Monday, Jul. 19, 1948
The New Pictures
The Emperor Waltz (Paramount) opens with a bang-up burlesque of glamorous old turn-of-the-century Viennese romance. A stranger, muffled to the snout, snoops romantically along snow-stifled balustrades, peering through windows. Indoors, the
Emperor's ball is going full blast, in charming Technicolor: it looks as if the music of Strauss were pushing all the flower petals in the world in a leisured cyclone, across the gigantic double eagle, inlaid in the polished floor.
The stranger quietly breaks a window, steals in, parks his hat and coat, and with a gate-crasher's false assurance descends a magnificent marble staircase. The aristocratic guests do double takes: it is Bing Crosby, in mufti, still wearing his earmuffs. He promptly cuts in on beautiful, haughty Countess Stolzenberg-Stolzenberg (Joan Fontaine); she tells him she hates him; they go into a waltz, and retire to talk things over. A gossipy dowager (Lucille Watson) explains what's up, in flashbacks.
It seems there was a traveling salesman named Smith (Mr. Crosby), from Newark, N.J., who was trying to sell the Emperor Franz Joseph a talking machine. Smith had an associate, a fox terrier named Buttons--much like the one that looks and listens to the Victor horn. Buttons became interested in Scheherazade, a pompadoured black poodle, and vice versa. The dogs' affair brought Smith and the countess (Scheherazade's mistress) closer together than might be expected, except in a musical. But have mongrels and thoroughbreds, regardless of species, any hope for true, lasting happiness? If you have any doubts, see the picture.

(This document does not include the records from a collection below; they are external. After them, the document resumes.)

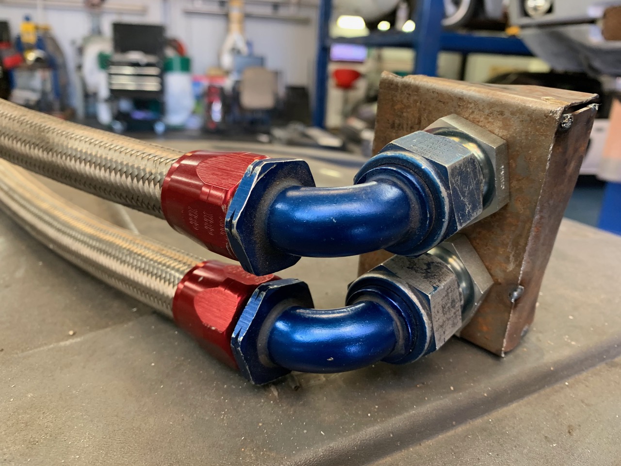 After running the lines BACK along the passenger side, I had to cut each to a shorter size (they were originally a 'home run' from the tank/engine to the thermostat) and fit the 90º AN12 fittings. For those following along, this is bear of a job. I hate putting new fittings on SS braided lines, but here we are. Also note, I've included a diagram for reference for those, like me, that were/are unsure which direction the oil flows within the system. ![]() ![]() ![]() ![]() ![]() ![]() ![]() |
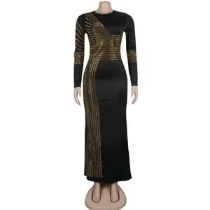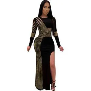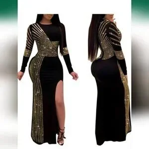Black and Gold Floor Length Evening Dress XL
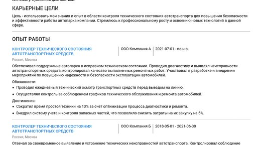 Пример резюме контролера технического состояния автотранспортных средств 2025

The opening sequence of The Emperor Waltz is an engaging combination of splendor, lightness, and smart moviemaking. From there on out, things tend to sag a bit --but they seldom drag the ground. Producer Charles Brackett and Director Billy Wilder (The Lost Weekend) have inherited something of the deftly formalized comic suavity of the late, gifted Ernst Lubitsch. (Sample: three people conversing about irrelevant matters while their metronomically swiveling heads follow a tennis game.)
The musical numbers are also strung along nicely, notably in Crosby's easygoing yodeling song. A good deal of the picture, however, is built on humor about decadence and democracy, prince and peasant, pedigrees and pooches; and on suggesting things through the dogs which the Johnston Office does not allow to be suggested about their owners.
The dogs, are fine, and most of the time the picture kids the old cliches of sex and snobbery briskly and brightly. But before it's over, there is a suggestion that Brackett and Wilder are falling for their own malarkey. Nonetheless, barring a few lapses from good taste, and a kind of bumptiousness about its brightness, this is an agile and entertaining musical.
Lulu Belle (Columbia), a good many years ago (1926), was a spicy play featuring Lenore Ulric as a colored chippy. For this new movie, the heroine has been Aryanized and the plot carefully expurgated of every quality except dullness.
Lulu Belle (played by Dorothy Lamour in a feather boa) is beautiful. She is also heartless. For love of her, men gladly throw away riches, honor and self-respect; but Lulu Belle only sneers and flounces off with a new lover. In a fast rise from Mississippi honky-tonk to stardom on Broadway she manages to ruin a lawyer, a pug, a gambler, a tycoon. After 80 minutes of this somebody shoots her.